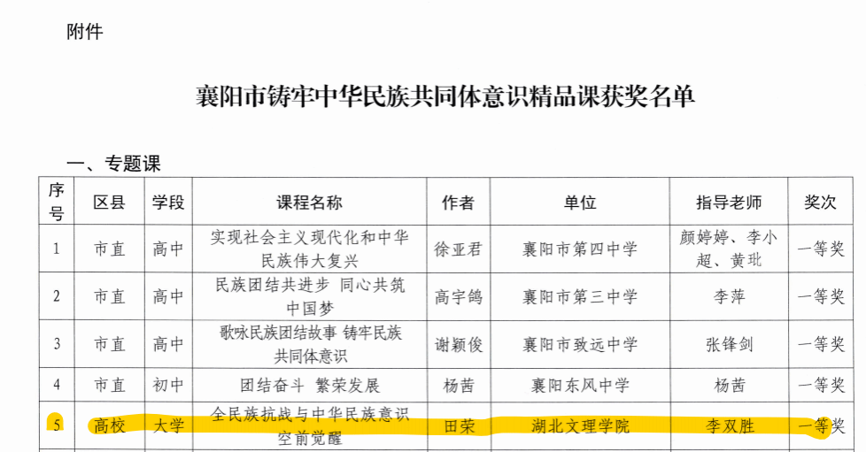 近日,襄阳市铸牢中华民族共同体意识精品课评选结果对外公布,由 a片 副院长李双胜指导, a片 教师田荣讲授的《全民族抗战与中华民族意识空前觉醒》获得襄阳市铸牢中华民族共同体意识精品课“专题课”组一等奖。
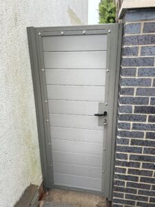 Single grey composite gate with keypad lock and padlock, fitted in Langland.  Supplied & fitted [...]
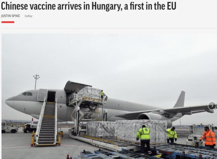 2月16日,中国国药集团生产的新冠灭活疫苗运抵匈牙利,匈牙利也成了第一个收到中国疫苗的欧盟国家。当天,中国疫苗抵达的消息占据了匈牙利各大媒体头条。
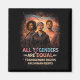 Three diverse figures stand before the transgender pride flag, declaring unity and equal rights for all genders.
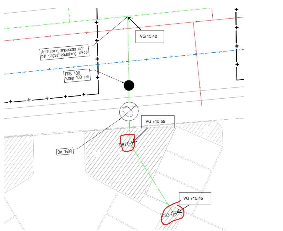 men på rintning nummer 2 så är felet på markerade symbolen alltså dräneringsbrunn ska va grön
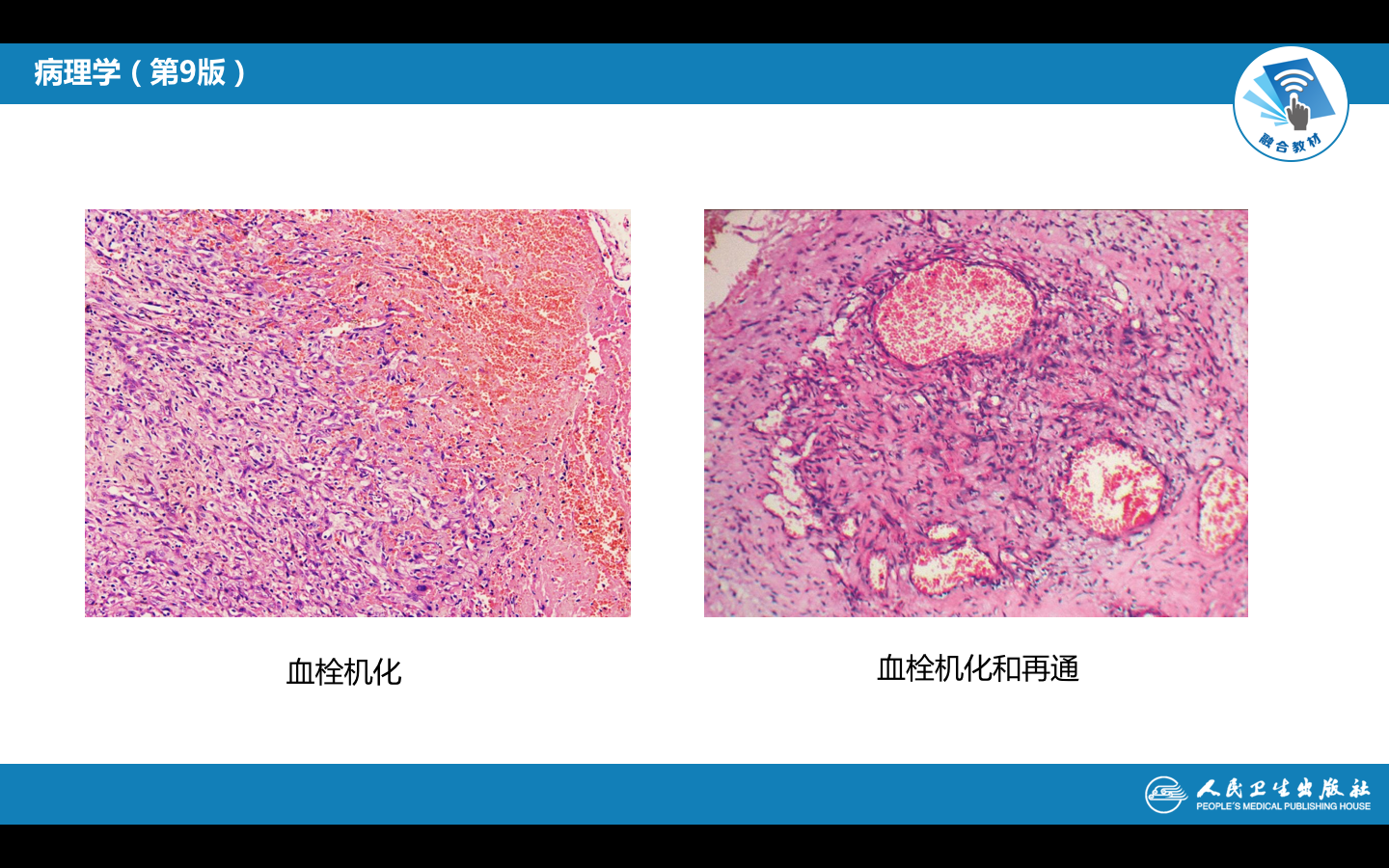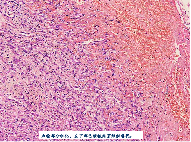 若纤溶酶系统的活力不足,血栓存在较久时则发生机化。由血管壁向血栓内长入肉芽组织,逐渐取代血栓,这一过程称为血栓机化。在血栓机化过程中,由于水分被吸收,血栓干燥收缩或部分溶解而出现裂隙,被新生的内皮细胞被覆于表面而形成新的血管,并相互吻合沟通,使被阻塞的血管部分地重建血流的过程,称为再通(recanalization)。
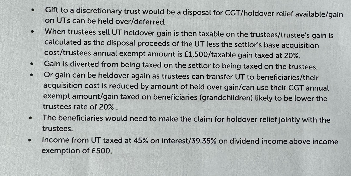 Explain the income tax and cgt implications of gifting their unit trust into a discretionary trust
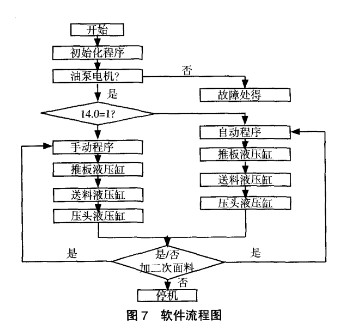 水泥制磚機控制系統軟件是根據對水泥磚機系統組成及控制原理分析,制磚機控制系統軟件由下面各程序模塊組成,其體如下,其流程如圖
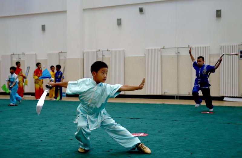 崆峒(國際)武術節比賽現場,武林小將一招一式有模有樣。肖剛 攝
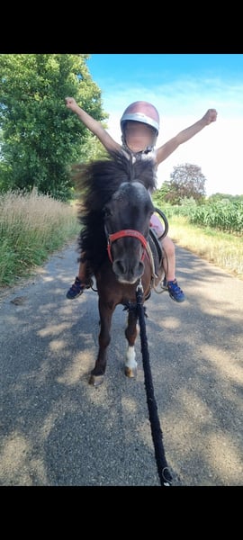 Jolie jument Shetland Pony Pour ma fiable et amicale jument Shetland Pony, Lolieka (née en 2004, environ 86 cm), je recherche un nouveau foyer aimant – de préférence pour une équipe parent-enfant, une petite famille équestre ou des personnes appréciant un Shetland expérimenté. Les petites écoles d’équitation sont également les bienvenues. Lolieka a été montée par des enfants et a également été conduite en attelage simple par ses anciens propriétaires (vidéo disponible). Elle a aussi fréquenté une école de poneys et connaît très bien la patience et la douceur dans la manipulation avec de jeunes enfants. Elle aime beaucoup être brossée, apprécie l’attention et travaille avec motivation. Chez moi, elle a fait du travail à pied, est fiable en tant que cheval de main aux côtés de mes petits chevaux, et m’a déjà accompagnée à vélo. Elle fait également partie de notre école de poneys et est conduite à la longe par des enfants. De plus, elle a participé à des promenades à poney sur des terrains inconnus – elle s’est montrée totalement détendue, patiente et sage. Hébergement & caractère Lolieka vit actuellement au pré avec abreuvoir automatique, est très sociable et s’entend bien avec d’autres chevaux et poneys. Elle a une position plutôt dominante, et chez moi, elle a choisi comme meilleur ami notre plus grand cheval. Je souhaite pour elle retrouver une place avec une compagnie de chevaux ou de poneys, car c’est là qu’elle se sent le mieux, de préférence en paddock. Nous lui proposons, ainsi qu’à son groupe, une mangeoire à foin 24h/24 avec filet. Elle s’y adapte très bien. En été, elle a été doucement grignotée et a également accepté sans problème un accès à l’herbe en permanence. Santé & comportement - régulièrement vaccinée et vermifugée (elle n’aime pas beaucoup le vermifuge, mais le tolère) - sage chez le maréchal-ferrant - monte facilement en van Grâce à son expérience, sa stabilité nerveuse et son caractère affectueux, Lolieka est idéale comme poney pour enfants ou comme partenaire fiable pour la famille. Pour tout intérêt sérieux, merci de me contacter par message privé. Je vous prie de ne pas poser de questions telles que « quand puis-je venir avec la remorque ». Une rencontre préalable est souhaitée expressément.
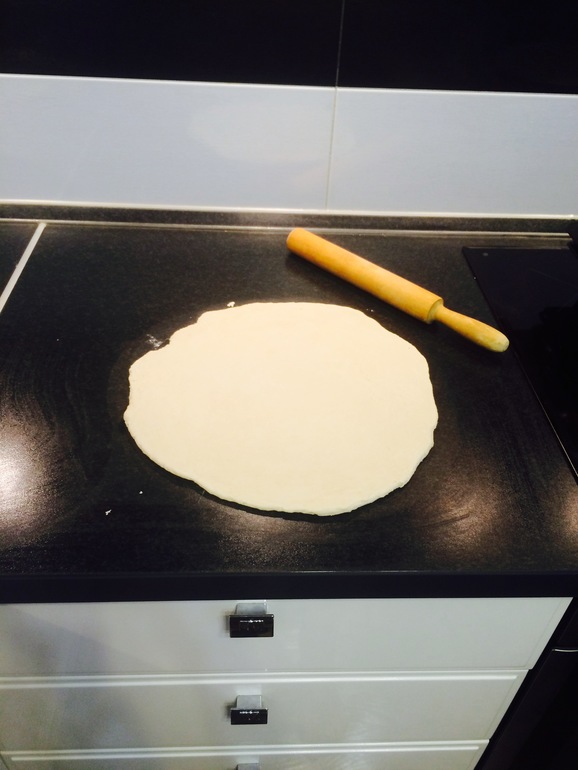 Мука вола, соль. Все смешать и раскатать в пласт толщиной в 0,5 см. Ориентируемся на размер мяса, чтобы хватило краев для защипов теста.
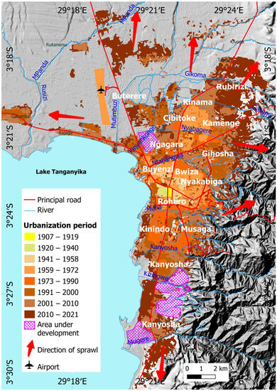 Located in the western branch of the East African Rift, the choice of Bujumbura as a settlement was linked to the presence of Lake Tanganyika (Figure 1; [76]). Founded by the Germans in 1897 and developed by the Belgians from 1916 to 1962, Bujumbura has expanded considerably in space after Burundi’s independence [77]. Its extension, long dictated by natural constraints (north-south direction), now involves the steep slopes to the east and the shoreline of Tanganyika Lake to the west, originally reserved for woodlands and recreation.
_ _ _ _ _ _ _
§ TASK DESCRIPTION: Pictures excluded, give again exactly and only the lines of the material above from the line with "men på rintning" through the line with "崆峒(國際)武術節比賽現場,武林小將一招一式有模有樣。肖剛 攝".

§ OUTPUT OF THE EXERCISE:
 men på rintning nummer 2 så är felet på markerade symbolen alltså dräneringsbrunn ska va grön
 若纤溶酶系统的活力不足,血栓存在较久时则发生机化。由血管壁向血栓内长入肉芽组织,逐渐取代血栓,这一过程称为血栓机化。在血栓机化过程中,由于水分被吸收,血栓干燥收缩或部分溶解而出现裂隙,被新生的内皮细胞被覆于表面而形成新的血管,并相互吻合沟通,使被阻塞的血管部分地重建血流的过程,称为再通(recanalization)。
 Explain the income tax and cgt implications of gifting their unit trust into a discretionary trust
 水泥制磚機控制系統軟件是根據對水泥磚機系統組成及控制原理分析,制磚機控制系統軟件由下面各程序模塊組成,其體如下,其流程如圖
 崆峒(國際)武術節比賽現場,武林小將一招一式有模有樣。肖剛 攝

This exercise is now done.